You get the error in the title if you run the below code, which I believe should not happen. The step that “causes” the error is y.transpose(1,2) – for some reason pytorch doesn’t like the 1st and 2nd dimension being transposed here. but the underlying issue appears to be with how the bias is being added (if I do bias = False the error goes away.)
import torch
import torch.nn as nn
k = 2
w,h,d = 1, 1, 1
x = torch.zeros((10, 1, w, h, d))
c = torch.nn.ConvTranspose3d(1, 2, k)
y = c(x).contiguous()
y = y.reshape(1, 10, 2, k*w, k*h, k*d).contiguous()
y = y.transpose(1, 2).contiguous()
hub = nn.SmoothL1Loss()
l = hub(y, torch.zeros(y.shape))
l.backward()
you found a bug, and one, has been around for a long time (credit to @ptrblck who tested it all the way to PyTorch 1.4).
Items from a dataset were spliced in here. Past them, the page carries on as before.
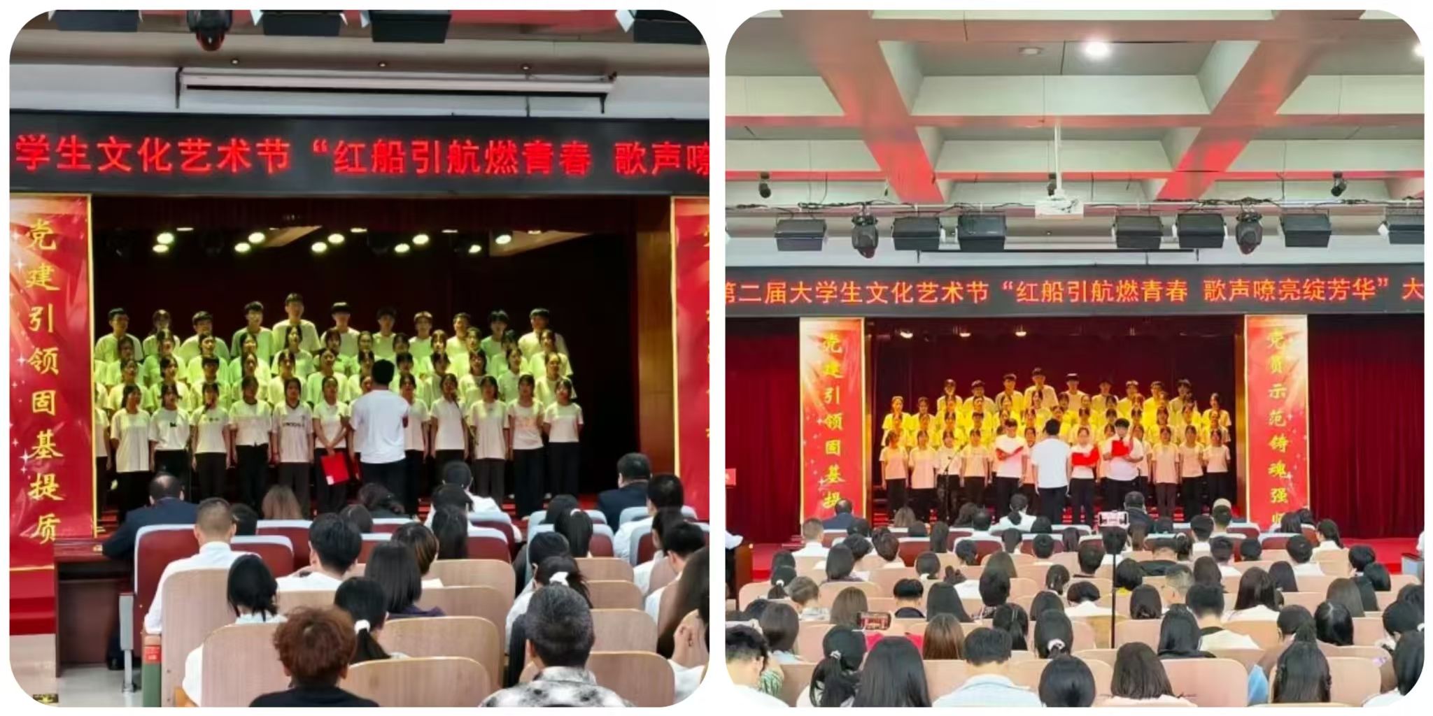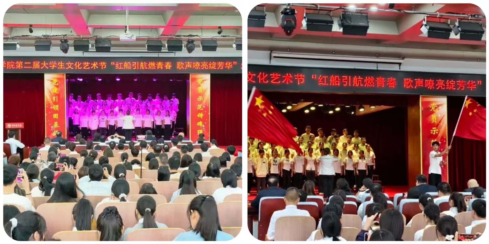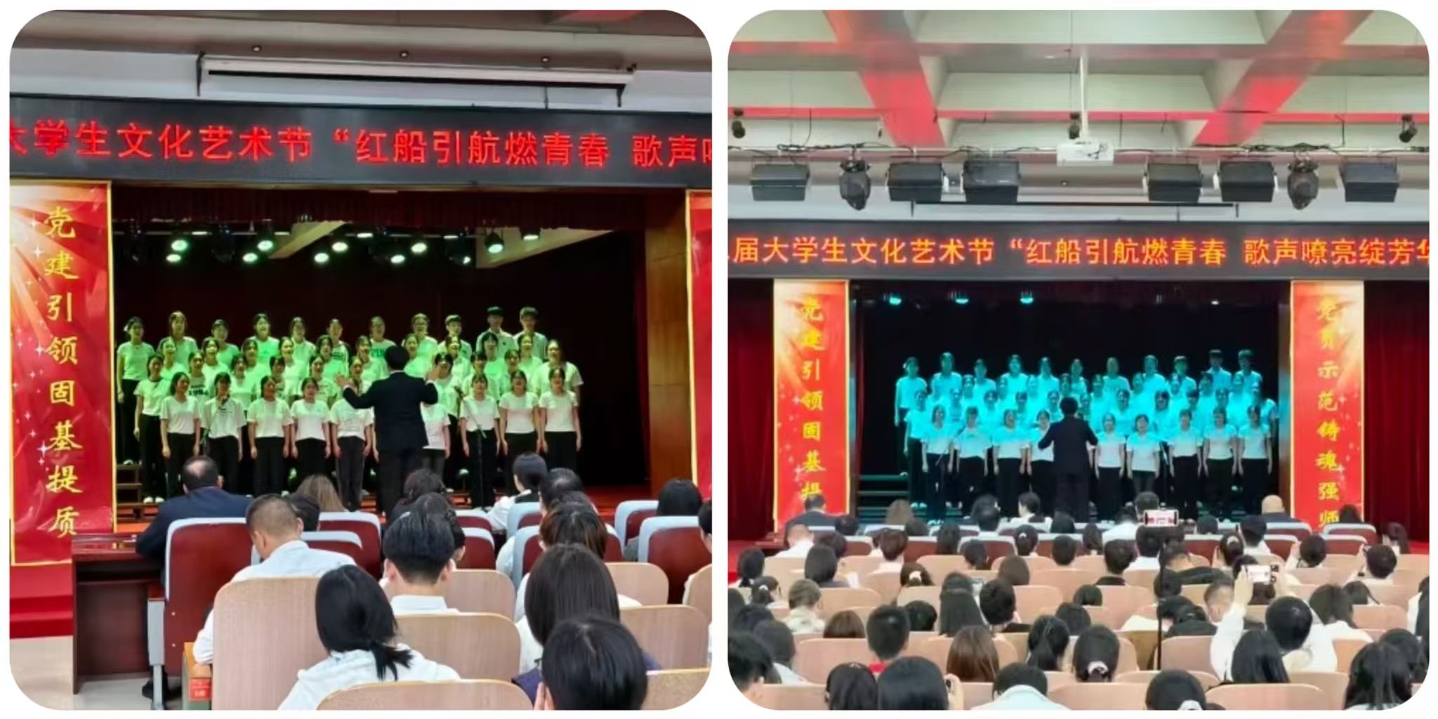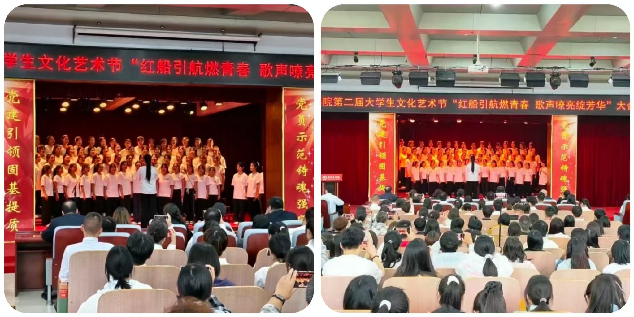 为赓续红色基因、彰显新时代青年风采,近日,我校第二届大学生文化艺术节 “红船引航燃青春 歌声嘹亮绽芳华” 大合唱比赛在学校报告厅盛大启幕。赛事由口腔医学系团总支精心主办。现场,团委老师、各系团总支书记、校级社团指导教师代表及300余名学生代表齐聚,共同见证这场融红色精神传承与青春活力绽放于一体的文化盛宴,让红色旋律成为连接信仰与青春的纽带。走进比赛现场比赛现场气氛炽热,掌声与欢呼声此起彼伏,十二支代表队身着整齐服装列阵登台,精神昂扬如朝阳。率先登场的口腔医学系第二代表队,以一曲《奔跑》拉开表演序幕。明快节奏里满是朝气;随后一曲《没有共产党就没有新中国》,手中国旗舞动、红绸飞扬,勾勒出青春与信仰交融的热烈图景。药学系第二代表队选唱《歌唱祖国》与《如愿》,前者气势恢宏,字里行间尽是自豪;后者细腻婉转,旋律中满藏感恩,唱出医学生的赤诚。医疗技术系第一代表队用《倔强》的激昂旋律诉说初心不改,以《明天会更好》的温柔声线寄语未来,满是向上力量。护理系第一代表队演绎的《如愿》与《唱支山歌给党听》,歌声深情庄重,在细腻唱腔中传递对家国的赤诚敬意。临床医学系第一代表队创新融合舞蹈与演唱,《紫荆花盛开》与《强军战歌》的旋律里,舞姿与歌声交织,尽显赤子之心与团队感染力。经多轮激烈角逐,中医系第二代表队凭借精湛演唱技巧与极具穿透力的舞台表现,成功斩获全场最高分,荣耀摘得桂冠。
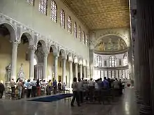 The usable model at hand, when Emperor Constantine I wanted to memorialize his imperial piety, was the familiar conventional architecture of the basilica. There were several variations of the basic plan of the secular basilica, always some kind of rectangular hall, but the one usually followed for churches had a center nave with one aisle at each side, and an apse at one end opposite to the main door at the other. In, and often also in front of, the apse was a raised platform, where the altar was placed and the clergy officiated. In secular buildings this plan was more typically used for the smaller audience halls of the emperors, governors, and the very rich than for the great public basilicas functioning as law courts and other public purposes.[33]
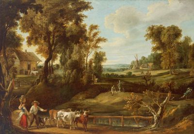 | Wooded landscape with a couple of shepherds, a dog, and three cows, | |
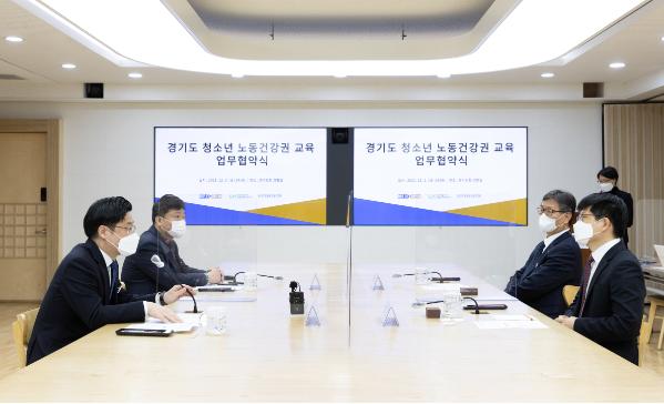 경기도는 3일 경기도청에서 일터건강을 지키는 직업환경의학과 의사회, 경기도평생교육진흥원과 이런 내용을 담은 ‘경기도 청소년 노동건강권 교육’ 업무협약을 체결했다. 협약식에는 오병권 경기도지사 권한대행, 강희태 직업환경의사회장, 김제선 경기도평생교육진흥원장 등이 참석했다.

Thank you so much for reporting it here with a minimal example, these are gold!
The CPU conv3d transpose backward expects the gradient to be contiguous and as the transpose’s backward is the same transpose on the gradient, it is not.
Here is a workaround using an autograd function that makes the gradient contiguous:
import torch
import torch.nn as nn
class ContiguousGrad(torch.autograd.Function):
@staticmethod
def forward(ctx, x):
return x
@staticmethod
def backward(ctx, grad_out):
return grad_out.contiguous()
k = 2
w,h,d = 1, 1, 1
x = torch.zeros((10, 1, w, h, d))
c = torch.nn.ConvTranspose3d(1, 2, k)
y = c(x)
y = ContiguousGrad.apply(y)
y = y.reshape(1, 10, 2, k*w, k*h, k*d)
y = y.transpose(1, 2)
hub = nn.SmoothL1Loss()
l = hub(y, torch.zeros(y.shape))
l.backward()
The real fix will be adding contiguous to the backward, but that will be in PyTorch 1.11, likely.